__Task directions__
Would you copy only the lines below, from the one containing "Padlock, Keyed Alike, Standard" through the very last one, leaving the pictures out?

:: Dataset extract

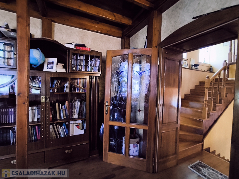 A ház 250 négyzetméteres, négy tágas szobája, társalgója, galériája különleges hangulatot nyújt.
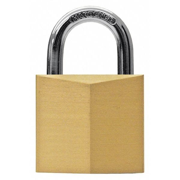 Padlock, Keyed Alike, Standard Shackle, Rectangular Brass Body, Steel Shackle, 9/16 in W
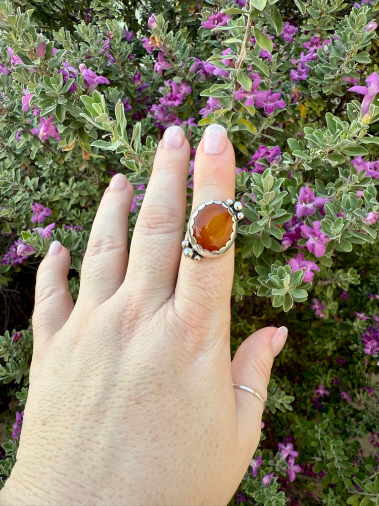This striking ring showcases a vibrant oval carnelian gemstone. The warm orange-red stone is framed by a scalloped bezel and accented with silver ball details, giving it a rustic yet elegant look.

::::

__Written solution__
 Padlock, Keyed Alike, Standard Shackle, Rectangular Brass Body, Steel Shackle, 9/16 in W
This striking ring showcases a vibrant oval carnelian gemstone. The warm orange-red stone is framed by a scalloped bezel and accented with silver ball details, giving it a rustic yet elegant look.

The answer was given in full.